Negative correlations were shown between cystatin C-based eGFR and BMI [beta = -0.190 (95% CI: -0.280 to -0.100)] and WC [beta = -0.160 (95% CI: -0.250 to -0.060)] in an adjusted model. In contrast, a positive association was found for creatinine-based eGFR [BMI beta = 1.20 (95% CI: 0.030 to 0.210) and WC beta = 0.160 (95% CI: 0.070 to 0.260)]. Similar patterns were found using MRI analysis (Imiomics map). Mendelian randomization implied a negative causal effect of obesity-related measures on cystatin C-based eGFR [BMI beta = -0.031 (95% CI: -0.037 to -0.026) and WC beta = -0.038 (95% CI: -0.045 to -0.031)], but no statistically significant effect was found for creatinine-based eGFR.

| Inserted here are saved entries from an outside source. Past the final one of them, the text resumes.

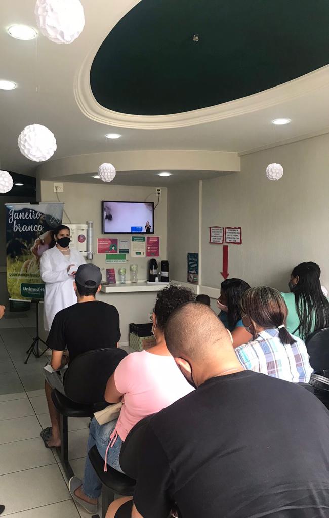 A equipe do Centro de Atendimento Multidisciplinar Unimed (Camu) promoveu, durante uma semana, mini palestras aos usuários do setor abordando a campanha Janeiro Branco. “O objetivo da iniciativa foi chamar a atenção das pessoas para as questões e necessidades relacionadas à saúde mental e emocional. Além do debate sobre o cenário atual em que a humanidade está vivenciando, os encontros ajudaram a esclarecer dúvidas, desmistificar tabus, realizar dinâmicas e estimular a reflexão”, comenta a coordenadora Renata Araújo.
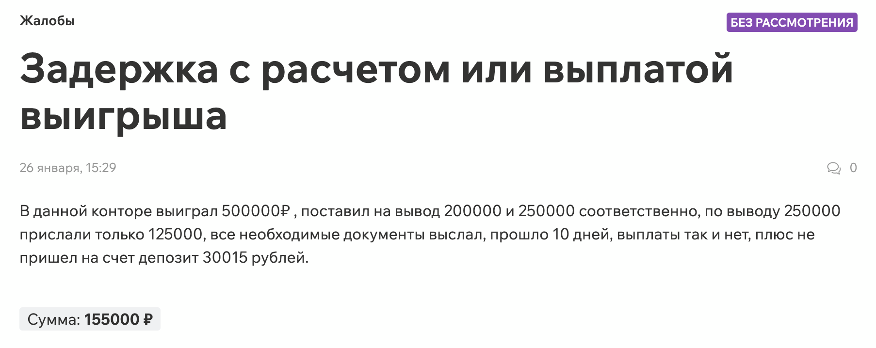 История из жалобы, которая прилетела в Арбитраж Legalbet: игрок поднял в офшорной конторе 500 тысяч рублей и запросил два вывода — 200 и 250 тысяч. О судьбе первой суммы автор умолчал, это останется тайной, а вот со второй что-то не так: на счёт упали только 125к, то есть ровно половина. Клиент прислал все необходимые документы, но оставшиеся средства так и не пришли, да и депозит в размере 30 тысяч ему также не вернули.
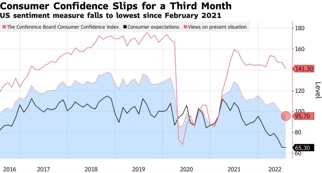そうした一つの証左がこれだ。コンファレンスボードが発表した7月の米消費者信頼感指数(Consumer Confidence Index)は、95.7と2021年2月以来の水準に低下した。低下は3カ月連続であり、市場予想は97だった。
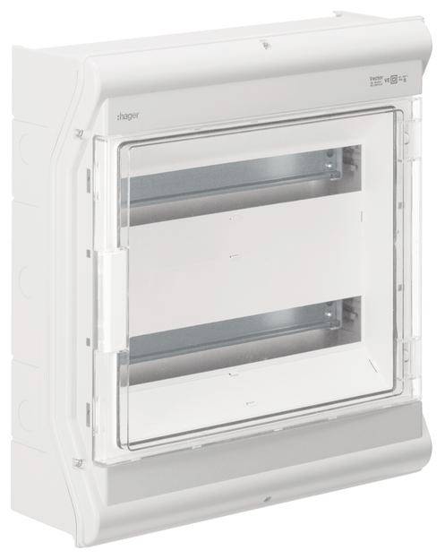Kleinverteiler, vector, APV, IP65, 36PLE, UV-stabil, ohne Leitungseinführung. Installationskleinverteiler aus Polycarbonat (UV-beständig), nach DIN EN 60670-24, nach DIN 43871. Zum Einbau von Geräten bis 63 A nach Maßnorm DIN 43 880 mit 70 mm oder 85 mm Einbautiefe, Bemessungsspannung AC 400 V/50 Hz. Bestehend aus Kunststoffunterteil mit Hutprofilschiene aus verzinktem Stahlblech, Vorprägung für metrische Leitungseinführungstüllen (oben, unten), seitliche Vorprägungen für Verbindungstüllen zur Verbindung von zwei oder mehreren Verteilern nebeneinander. Oberteil mit 46 mm Geräteschlitz. Klarsichttür frontbündig, rechts oder links anschlagbar, plombierbar, abschließbar, Verteiler anflanschbar.
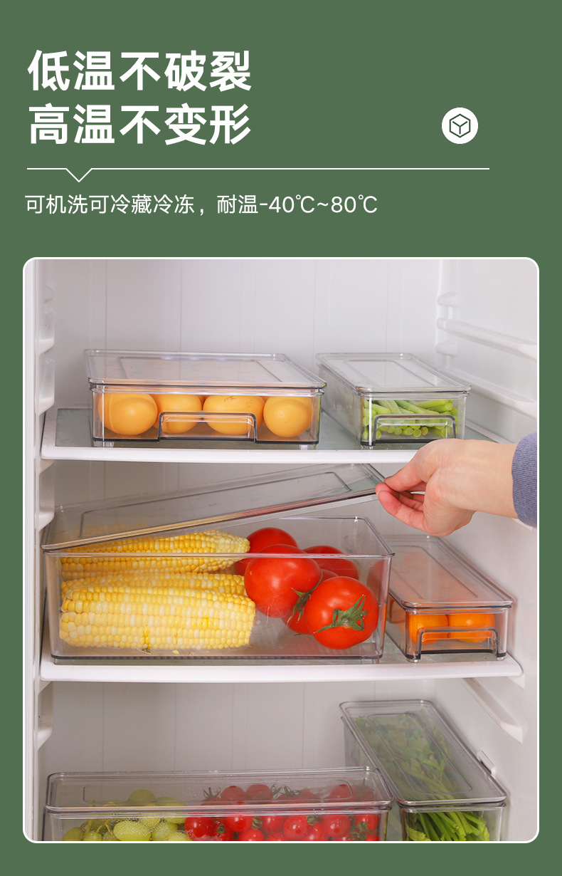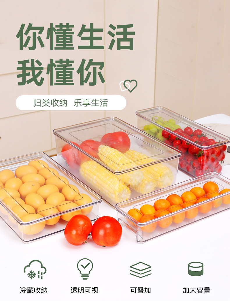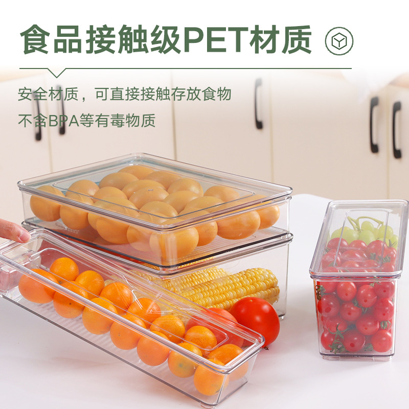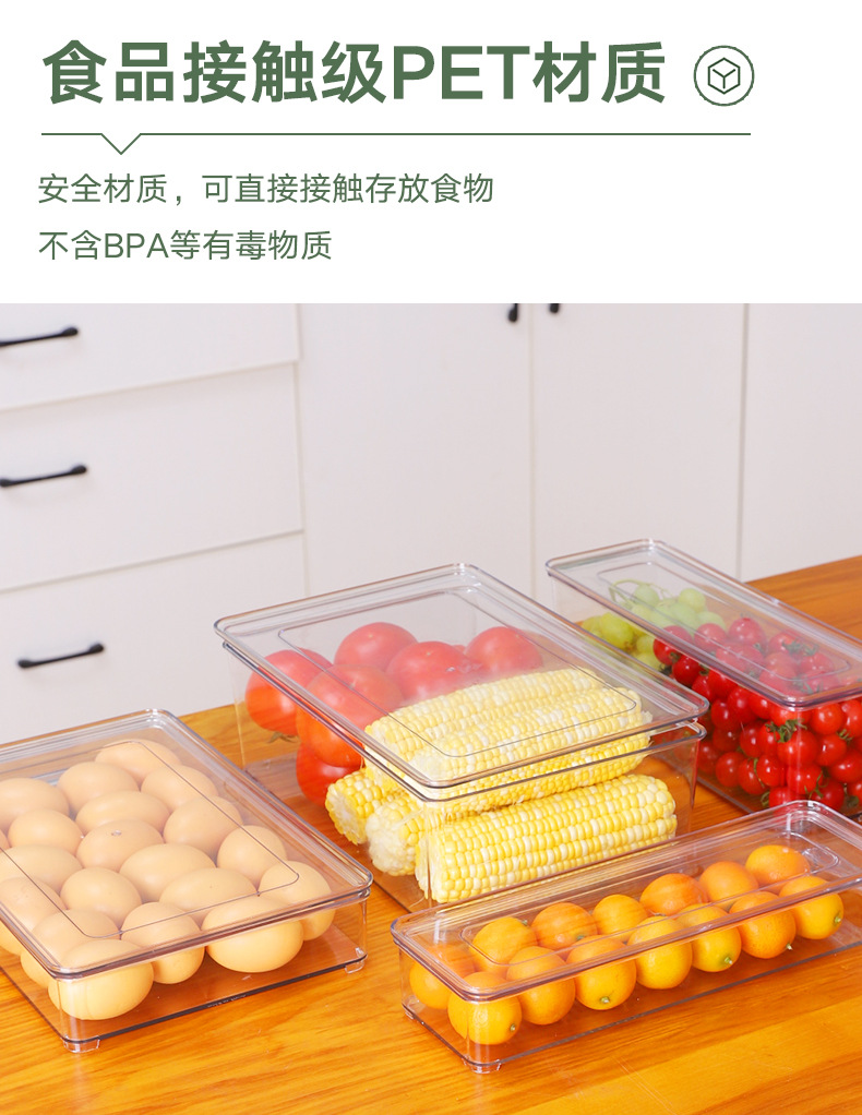 PET材质多尺寸透明收纳盒 新款冰箱收纳盒 自组分类归纳保鲜盒

This study suggests a causal negative effect of obesity on cystatin C-based, but not creatinine-based eGFR. These findings warrant further research regarding estimations of kidney function when assessing obesity and CKD.
肥胖与慢性肾脏病(CKD)的发生和进展相关,但因果关系仍不明确。本研究调查了肥胖如何因果性地影响估计肾小球滤过率。

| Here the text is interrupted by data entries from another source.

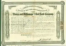 Bond of the Elmira and Williamsport Rail Road Company, issued 1 may 1863
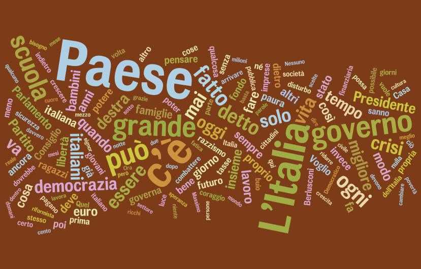 Il discorso produce una tag clouds (wordle generated) – a caldo e non troppo ripulita – che parla da sola.
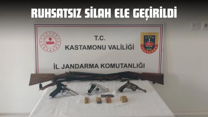 Devrekani Cumhuriyet Başsavcılığı koordinesinde, İl Jandarma Komutanlığı ekipleri tarafından yapılan çalışmalarda 3 ruhsatsız tabanca ve 2 adet ruhsatsız av tüfeği ele geçirildi.
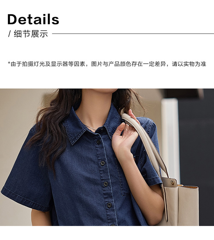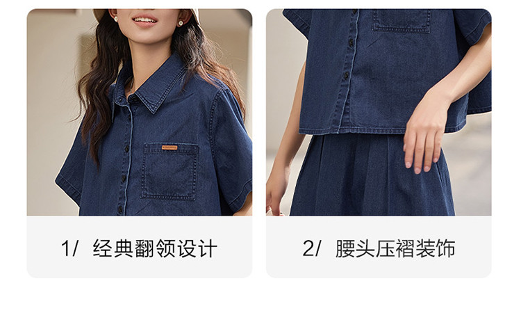 商品名称:【牛仔套装】夏款网红风翻领短袖纯色牛仔半裙两件套女 248386
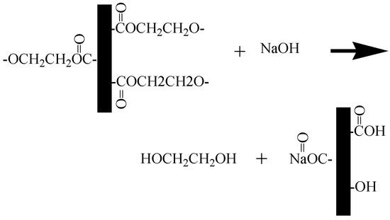 In order to analyze the influence of alkali treatment and grafting coupling agent on the strength of the fibers an analysis of the multifilament tensile strength of the PET fibers was performed. Figure 2 shows the relationship between treatment process modes and tensile strength. It was revealed that the tensile strength of fibers decreased with alkali treatment, while it increased when KH550 was grafted on the fibers. When the fabrics were immersed in alkali solution, ethylene glycol and sodium terephthalate were generated under the hydrolysis of the surface of the fabric [11,12], leaving the OH, -COONa and -COOH groups on the fabric surface. The reaction process is shown in Figure 3. Compared to the untreated fiber, the tensile strength was decreased by the NaOH solution treatment, indicating some damage of fibers and causing a loss of tensile strength. From our results, shown in Figure 2, the tensile strength of fibers inversely recovered a little after KH550 treatment. Since the grooves and holes etched by the alkali solution could be embedded by the polymer molecules, they could be partly repaired (as shown in Figure 4), reducing the probability of stress concentration and avoiding fiber breakage.
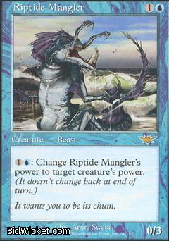 Card Text: 1U: Change Riptide Mangler's power to target creature's power. (It doesn't change back at end of turn.)
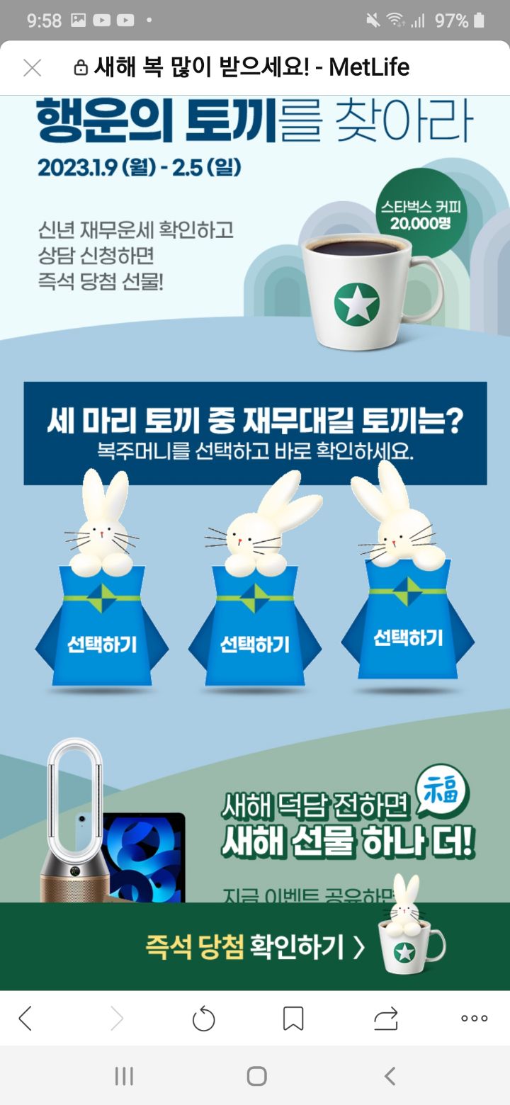 메트라이프 행운의 토끼를 찾아라(~2.5) 작성자나도쫌|작성시간23.01.10|조회수635 목록 댓글 4 글자크기 작게가 글자크기 크게가 새해 복 많이 받으세요!메트라이프에서 준비한 새해 선물도 확인해 보세요.www.emetlife.kr 다음검색 현재 게시글 추가 기능 열기 북마크 공유하기 신고 센터로 신고 댓글 댓글 4 댓글쓰기 답글쓰기 댓글 리스트 작성자star | 작성시간 23.01.10 2만명인데 꽝이네요ㅠㅠ 작성자포발리코 | 작성시간 23.01.10 힘내세요 작성자뻐찌지 | 작성시간 23.01.10 아쉽지만 저도 꽝 작성자다주세요~~네! | 작성시간 23.01.10 감사합니다. 꽝이네요~^^ 댓글 전체보기

在肥胖、能量与代谢前瞻性研究(POEM研究,502名参与者,均为50岁)中进行横断面和磁共振成像(MRI)数据分析。此外,使用已发表的汇总数据进行孟德尔随机化分析。结局指标为基于肌酐和胱抑素C的估算肾小球滤过率(eGFR)。在横断面和孟德尔随机化分析中,将体重指数(BMI)和腰围(WC)用作暴露变量。在成像数据分析中,针对每个三维体素,将eGFR对组织体积进行非参数回归,并可视化为相关的“影像组学”图谱。
在调整模型中,基于胱抑素C的eGFR与BMI [β = -0.190(95%CI:-0.280至-0.100)]和WC [β = -0.160(95%CI:-0.250至-0.060)]呈负相关。相比之下,基于肌酐的eGFR呈正相关[BMI β = 1.20(95%CI:0.030至0.210),WC β = 0.160(95%CI:0.070至0.260)]。使用MRI分析(影像组学图谱)发现了类似模式。孟德尔随机化提示肥胖相关指标对基于胱抑素C的eGFR有负向因果效应[BMI β = -0.031(95%CI:-0.037至-0.026),WC β = -0.038(95%CI:-0.045至-0.031)],但基于肌酐的eGFR未发现统计学显著效应。
本研究提示肥胖对基于胱抑素C而非基于肌酐的eGFR有因果负向效应。这些发现为评估肥胖和CKD时肾功能的估计提供了进一步研究的依据。